That rather confirms the concerns. How would those concerns be addressed? You gave the example of your local authority area, but another Parliament committee has heard that a per-head cost is used. That is fine if someone is getting a bus and going half a mile down Leith Walk, but it is different if they are getting two ferries and it takes 10 hours to go and meet an individual. Wearing your day-job hat, do you think that those concerns will be allayed by what you see in the bill?
Not as the bill is currently formatted. We have commented today and in writing on how the bill could be strengthened, but the bill’s introduction is a critical and positive development. We want to ensure that the bill’s proposals are robust enough to be embedded in local partnerships and that they can deliver flexibly according to the local context and be supported by community justice Scotland.
Does the bill prevent what I have described from taking place? No, but there could be clearer language around the statutory guidance.
Is that something that SOLACE might come back to the committee with, particularly on the financial implications of any central procurement?
SOLACE has endorsed COSLA’s submission, which reflects on some of the commentary around commissioning and the balance between the local and the national.
I seek clarification of your views on the bill’s implementation and the preparation for the new arrangements. I see that Audit Scotland has welcomed the proposal that community justice Scotland should operate in shadow form for six months prior to starting full operations on 1 April 2017. Is six months too long or too short a period?
Wait a wee minute—that is not a supplementary.
I am sorry—I thought that I could ask a new question.
No—park that. Margaret Mitchell has been waiting. I would keep her onside if I were you, Christian.

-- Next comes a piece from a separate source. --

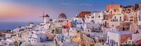 Koop de foto Village Oia op het eiland Santorini in Griekenland. Panorama. van Voss fotografie op canvas, aluminium dibond, (ingelijste) fotoprint, behang en ArtFrame, op maat geprint in Fine-Art kwaliteit.

Most of the issues that I wanted to address have probably been covered, but I want to return to Dame Elish Angiolini’s comments and to some of the comments from Audit Scotland. We started with a cluttered criminal justice landscape, short-term funding, concerns about lack of accountability and leadership, and inconsistent service provision, and I am not convinced that the bill addresses those valid issues. Would it help, for example, if CPPs and the third sector were mentioned in the bill and were very much part of it? There seems to be huge ambiguity about how much local autonomy there is going to be, and about how much leeway local authorities and local partnerships will have to deal with the specific problems in their area. Is there a problem with setting national outcomes? Is there conflict between national outcomes and the local areas where, as Dame Elish Angiolini said, things are addressed in a diverse way, whether by releasing people from prison with throughcare or by trying to prevent people from going to prison in the first place through community justice disposals?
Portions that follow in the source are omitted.